- _WHAT IS EXPECTED_
Omit all pictures. Reproduce exactly the lines from the first line of the records below through the line with "как выглядит Vintage".
==== RECORDS TO USE
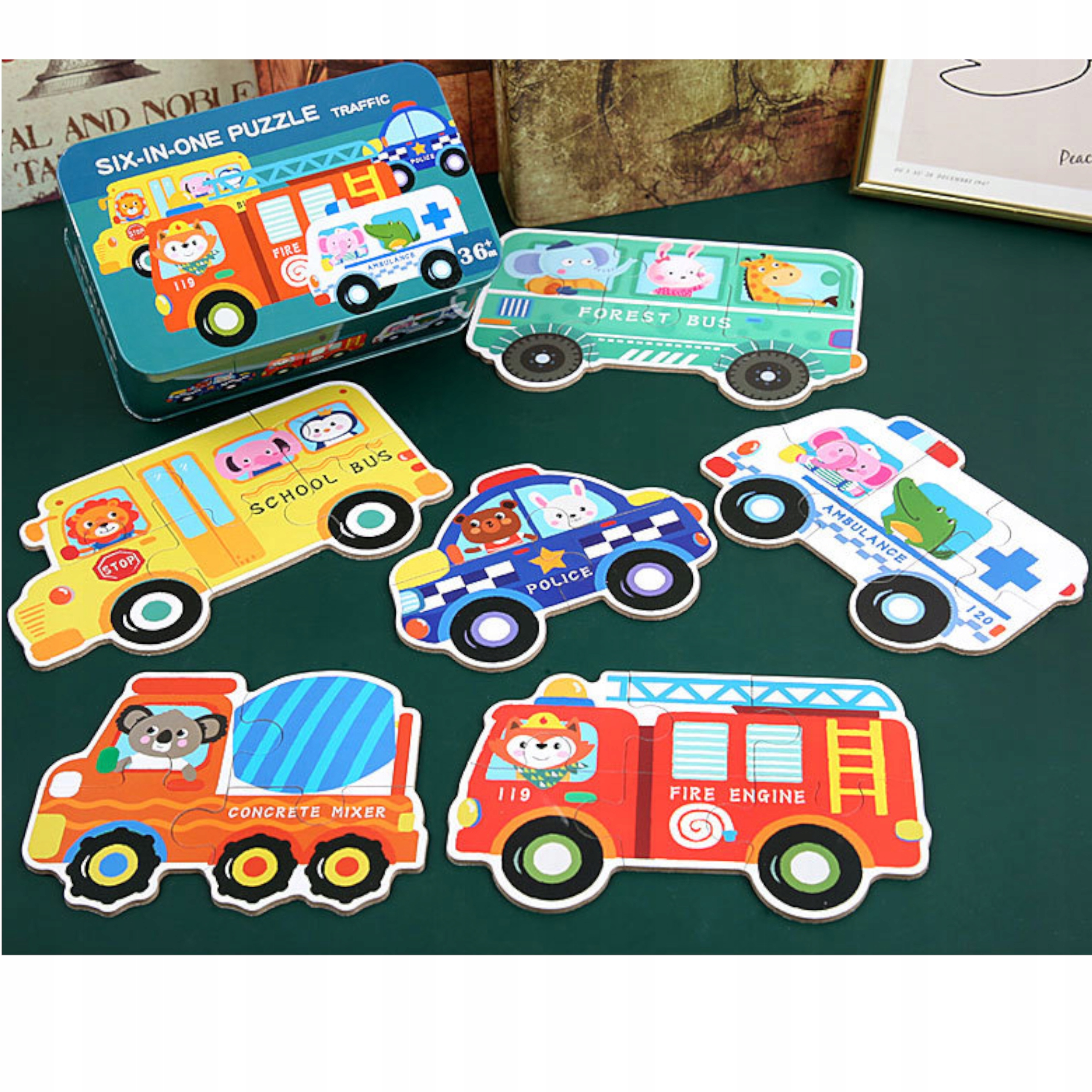 ✅Edukacyjna układanka z motywem zwierząt pojazdów – 6 różnych obrazków pojazdów
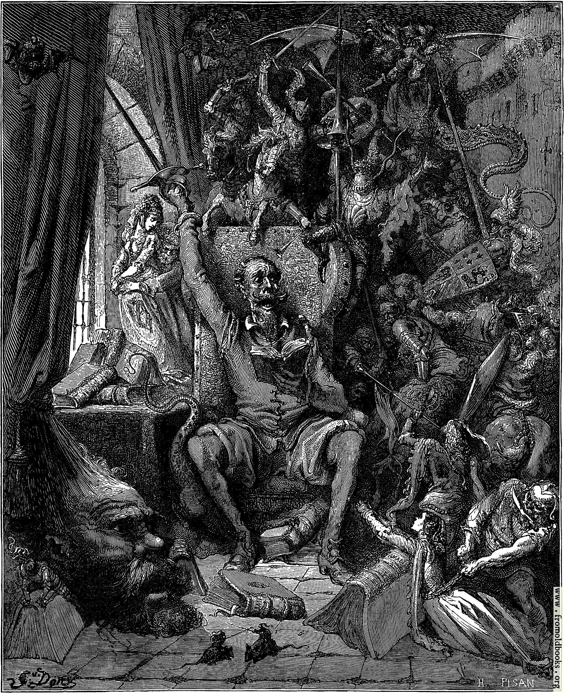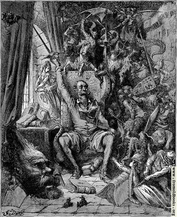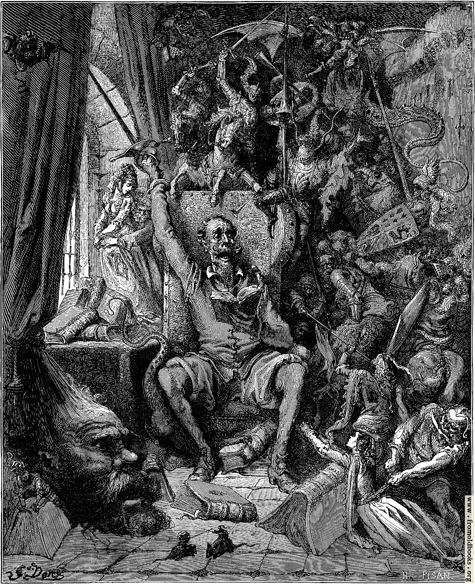 We can do no more than play at swords with him (in our frontispiece) in his study chair. His eyes are fixed and glassy; his face is quick with passion and heroic resolve; in his brave right hand he brandishes Durandal, the good sword; and about him, made real to his inner eye, there roars and clashes and seethes the whole mythology of Chivalry. Amadis charges at him from his shoulder; here are Tirante the White, and Galaor the Inconstant, and the peerless Roland. There frowns the enchanted pate of the giant Caraculiambro; there Morganto hales off the Princess of Trebizond; there are the griffins, the dragons with sail-broad vannes, the enchanted castles, the pennons and banners and destriers—all the welter and coil of adventure gone mad; all the phantasms of knight-en-antry flung together in one brilliant and bewildering pell-mell. (p. 226)
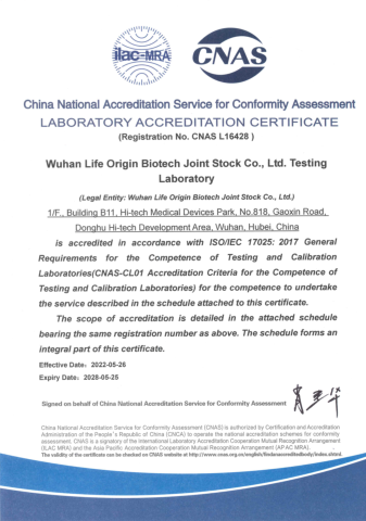 实验室认可证书(注册号:CNAS L16428),这标志着CNAS肯定我司检测实验室的管理水平以及开展体外
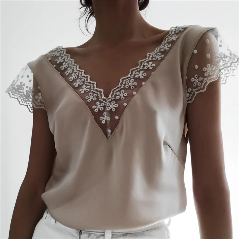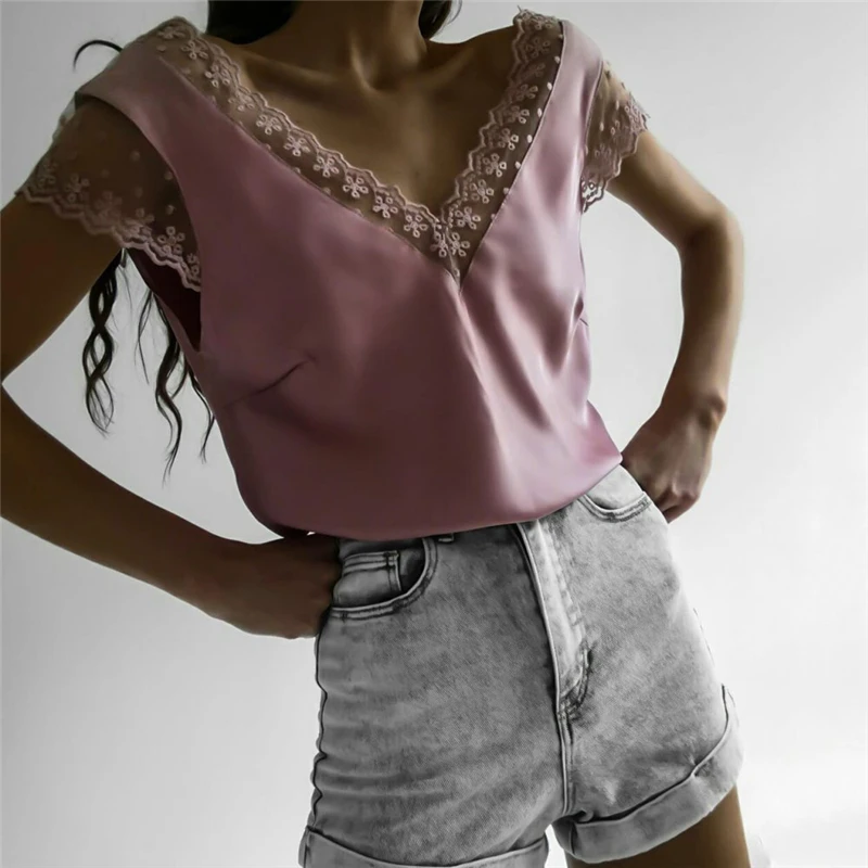 Женский кружевной топ без рукавов, Повседневная Свободная майка с V-образным вырезом, Элегантная классическая уличная одежда, лето 2019
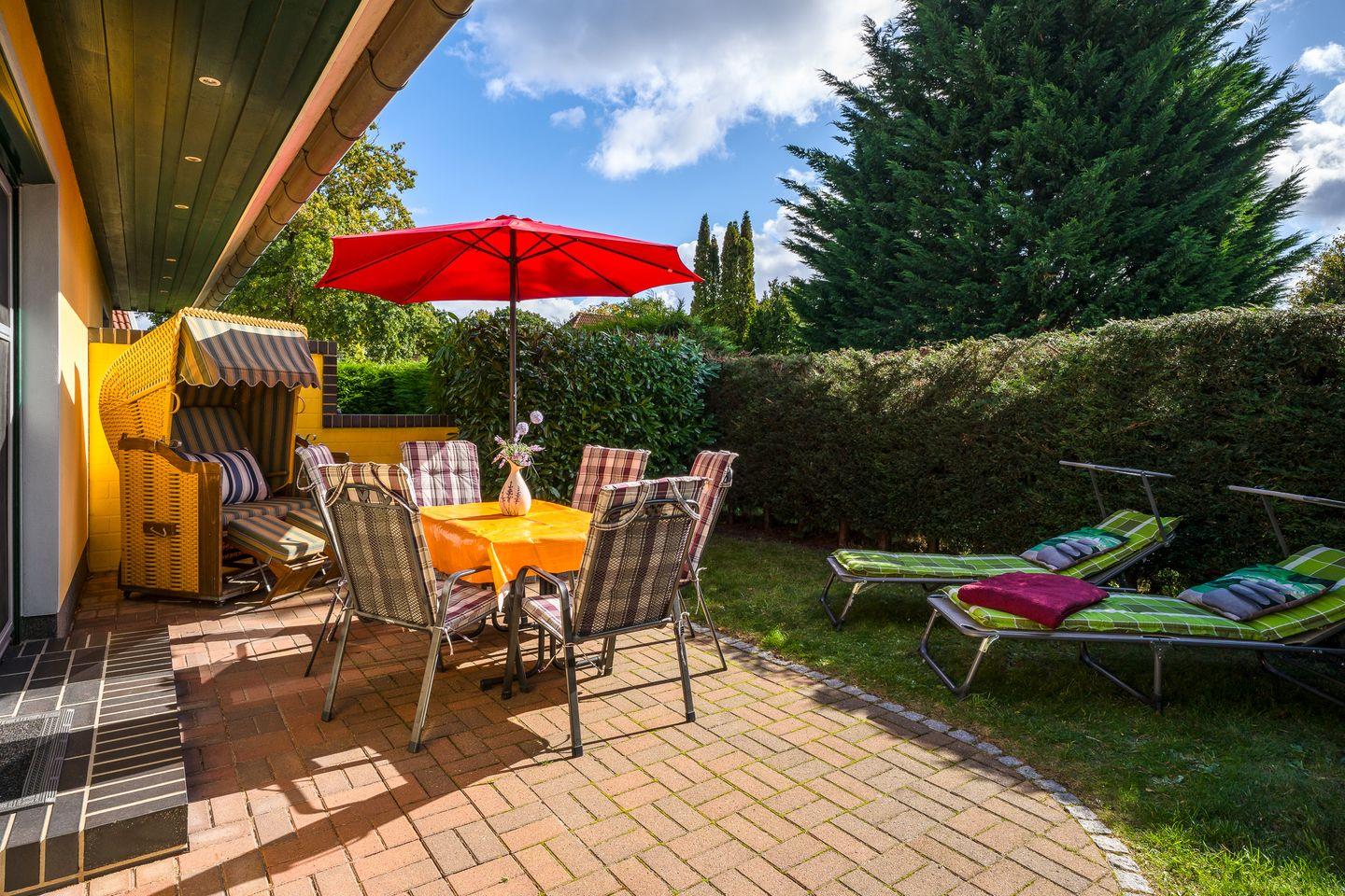 Terrasse mit Gartenmöbel, Sonnenschirm, Strandkorb, Grill
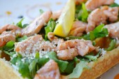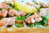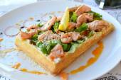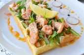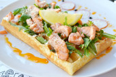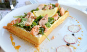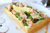 Belgijski wafel z rukolą, sosem śmietanowym i Łosoś pieczony
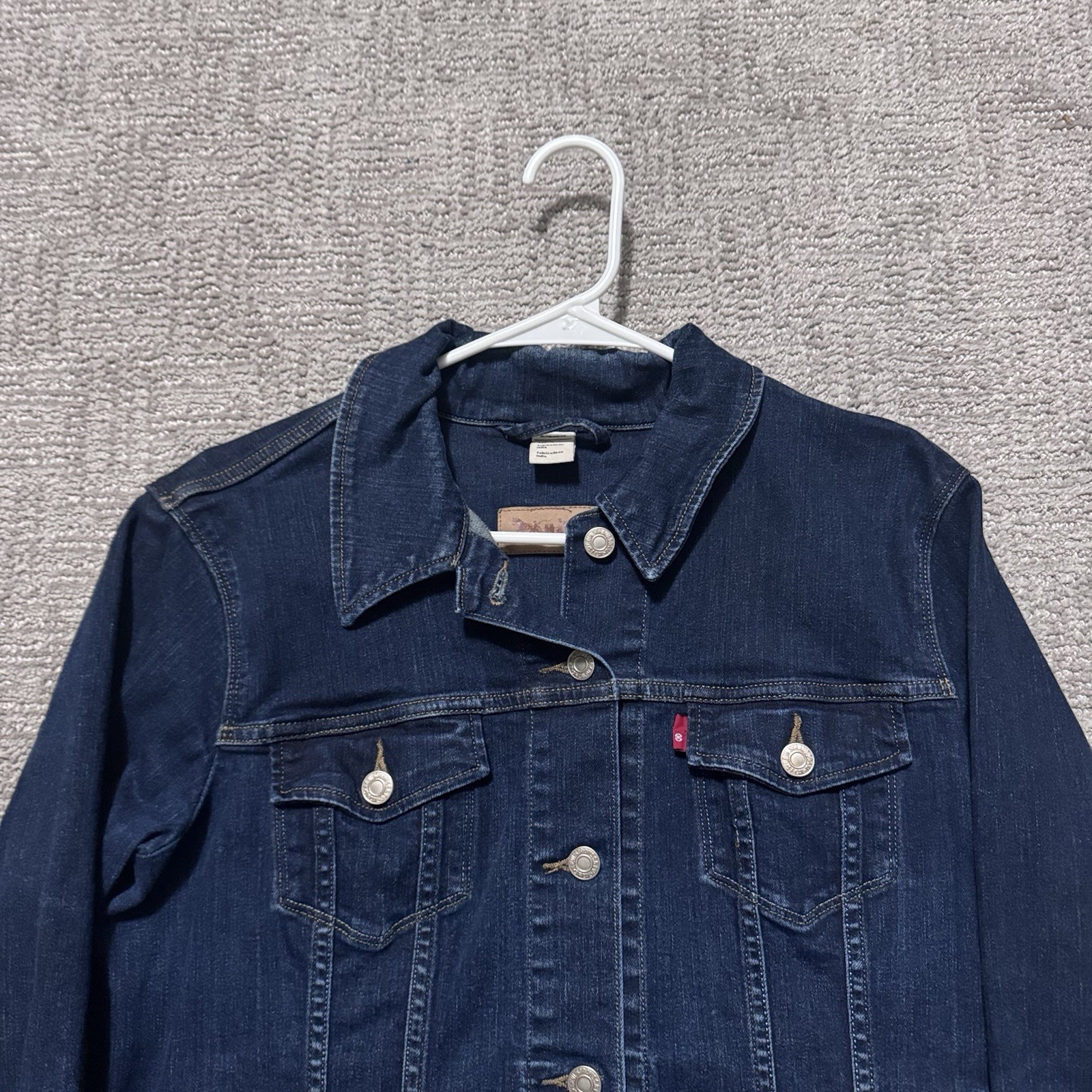 как выглядит Vintage Levis Denim Trucker Jacket Youth Girls XL Dark Blue Casual 19x22.5 Retro фото
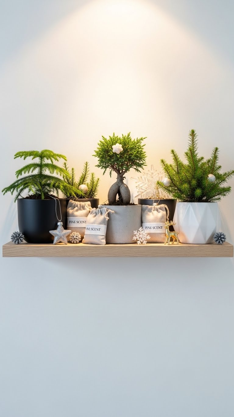 You’ll place miniature evergreens in varied pots along a narrow ledge, add a few scaled ornaments for sparkle, and tuck pine scented sachets between pieces.
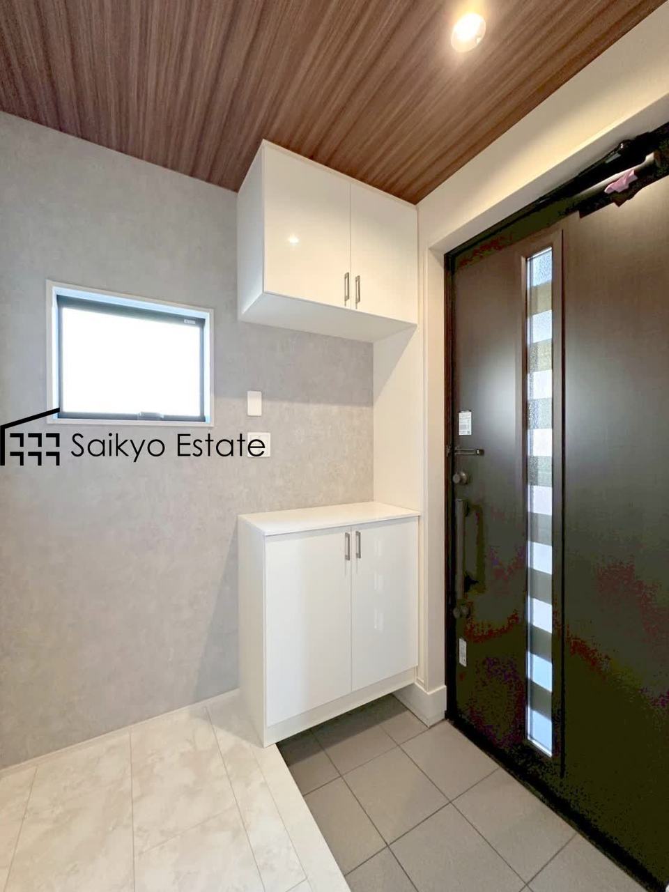 玄関には収納力に優れたシューズボックスがございますので、ご家族みんなの靴が十分入ります!小窓があって明るく換気ができるのも嬉しいですね。
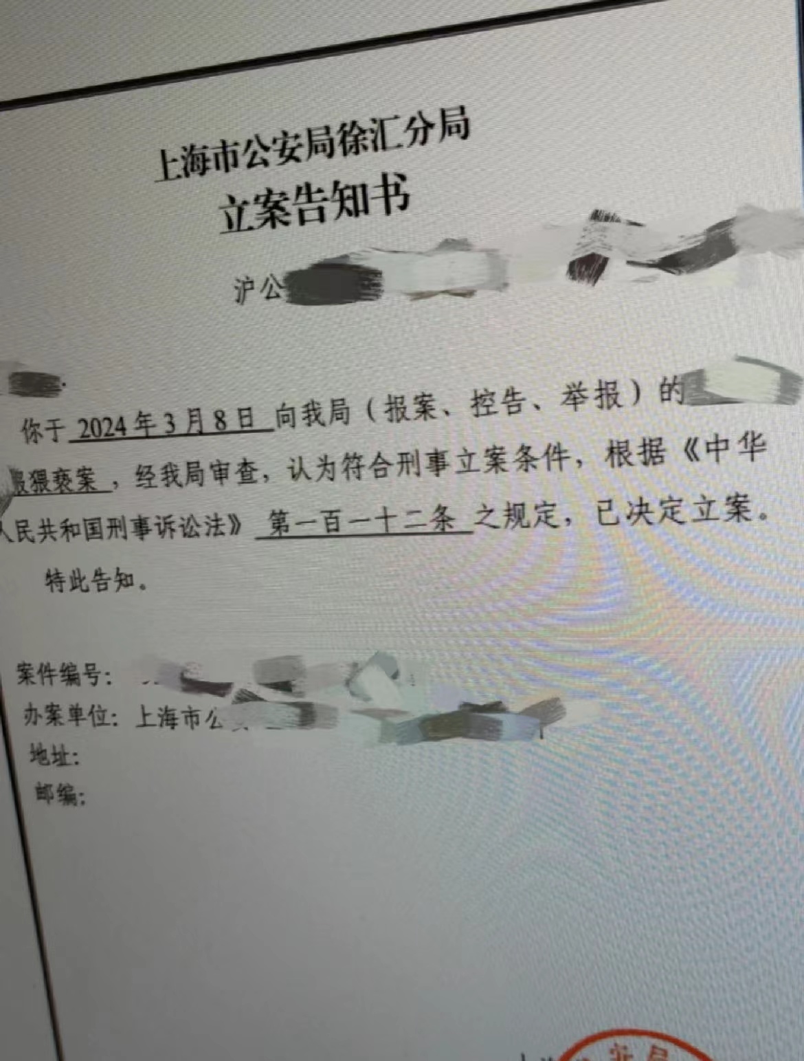 新京报讯(记者刘思维)近日,一名律所前女员工发帖称,自己半年前在一场聚餐中被上司猥亵,引发网络关注。新京报记者从当事人王米(化名)处获得的《立案告知书》显示,4月8日上海市公安局徐汇分局决定对此案刑事立案。
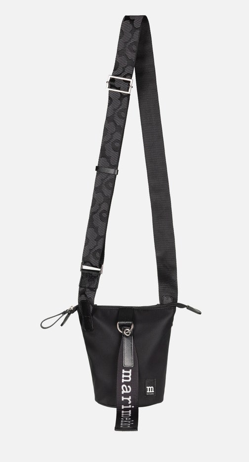The Essential Bucket shoulder bag is made of recycled nylon. The small bag has a zipper closure and an adjustable shoulder strap with the jacquard knit Unikko pattern. The front features the Marimekko keychain and there is a slip-in pocket in the back. The bag has leather details.
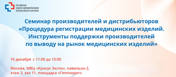 10 декабря 2025 г. в рамках деловой программы Международного научно-практического форума «Российская неделя здравоохранения-2025» с 11:00 до 15:00 пройдет Семинар производителей и дистрибьюторов «Процедура регистрации медицинских изделий. Инструменты поддержки производителей по выводу на рынок медицинских изделий», который соберет ведущих экспертов ФГБУ «ВНИИИМТ» Росздравнадзора.
========
- _EXERCISE OUTPUT_
 ✅Edukacyjna układanka z motywem zwierząt pojazdów – 6 różnych obrazków pojazdów
 We can do no more than play at swords with him (in our frontispiece) in his study chair. His eyes are fixed and glassy; his face is quick with passion and heroic resolve; in his brave right hand he brandishes Durandal, the good sword; and about him, made real to his inner eye, there roars and clashes and seethes the whole mythology of Chivalry. Amadis charges at him from his shoulder; here are Tirante the White, and Galaor the Inconstant, and the peerless Roland. There frowns the enchanted pate of the giant Caraculiambro; there Morganto hales off the Princess of Trebizond; there are the griffins, the dragons with sail-broad vannes, the enchanted castles, the pennons and banners and destriers—all the welter and coil of adventure gone mad; all the phantasms of knight-en-antry flung together in one brilliant and bewildering pell-mell. (p. 226)
 实验室认可证书(注册号:CNAS L16428),这标志着CNAS肯定我司检测实验室的管理水平以及开展体外
 Женский кружевной топ без рукавов, Повседневная Свободная майка с V-образным вырезом, Элегантная классическая уличная одежда, лето 2019
 Terrasse mit Gartenmöbel, Sonnenschirm, Strandkorb, Grill
 Belgijski wafel z rukolą, sosem śmietanowym i Łosoś pieczony
 как выглядит Vintage Levis Denim Trucker Jacket Youth Girls XL Dark Blue Casual 19x22.5 Retro фото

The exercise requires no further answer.